Welche Unternehmen werden als erste vom Gas abgeklemmt? Es werde immer um Einzelfall-Entscheidungen gehen, betont die Bundesnetzagentur, die im Notfall für die Verteilung des knappen Gases zuständig ist. „Die Bundesnetzagentur bereitet keine abstrakten Abschalte-Reihenfolgen vor“, hat sie unlängst betont. Gleichwohl bedrängen Unternehmen seit Wochen die Behörde, um ihre Unverzichtbarkeit zu erklären. Doch wegen der Verflechtungen wird es schwierig, Unternehmen zu finden, die man ohne Bedenken abschalten kann.

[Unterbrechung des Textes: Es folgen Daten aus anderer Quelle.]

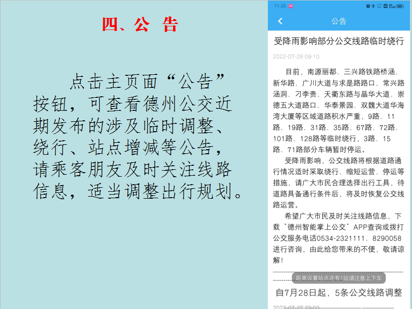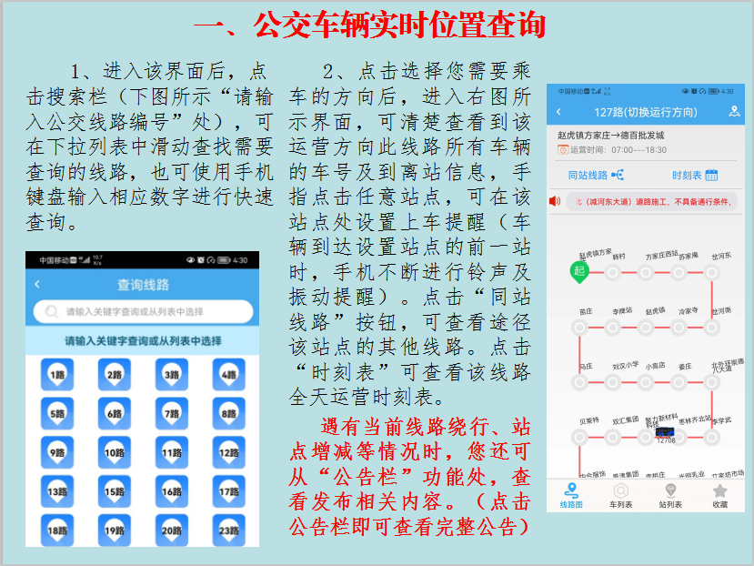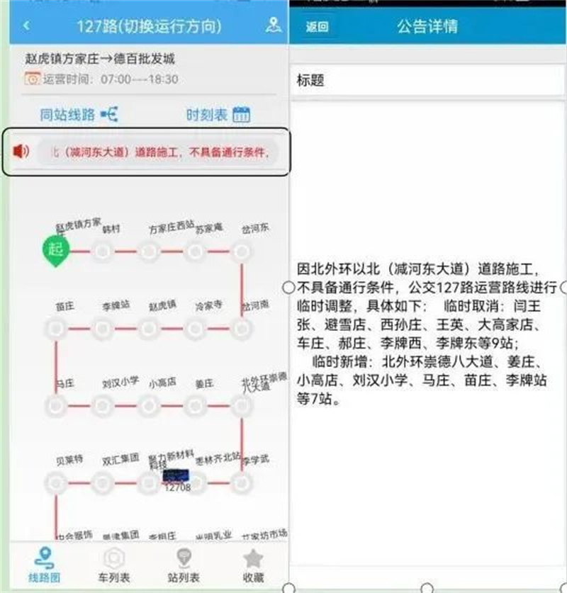 同时,在车辆实时位置显示界面,增加“公告栏”显示功能,遇有当前线路绕行、站点增减等情况时,公告栏中发布相关内容。点击公告栏即可查看完整公告。

Was sagen Wirtschaftsexperten? Die Wirtschaftsweise Veronika Grimm hat die Bundesregierung und die EU nach dem Gaslieferstopp für Polen und Bulgarien aufgefordert, den Forderungen Russlands nach einer Bezahlung der Gaslieferungen in Rubel weiterhin nicht nachzugeben. „Russland testet mit dem Lieferstopp wieder einmal den Zusammenhalt in der EU. Es ist klar: was immer wir tun, um die Zahlungen für Energielieferungen an Russland zu beschränken – wir müssen bereit sein, derartige Drohszenarien auszuhalten“, sagte Grimm unserer Redaktion. „Russland hatte ja schon vor einiger Zeit angekündigt, nur noch Zahlungen in Rubel zu akzeptieren. Dadurch könnte es für Russland etwa einfacher werden, einige der aktuellen Sanktionen zu unterlaufen. Die Mitgliedsstaaten der EU sind darauf zurecht nicht eingegangen“, sagte die Erlanger Ökonomin. „Jetzt stellt sich für Deutschland die Frage, ob man auf die Forderung, in Rubel zu zahlen eingeht oder die Bemühungen, von russischem Öl und Gas schnell unabhängig zu werden vorantreibt. Russland erhöht durch den Lieferstopp den Druck auf die deutsche Politik und die EU. Wichtig ist es nun, dass der Zusammenhalt nicht aufbricht und die EU zusammensteht“, sagte das Mitglied im Wirtschafts-Sachverständigenrat der Bundesregierung.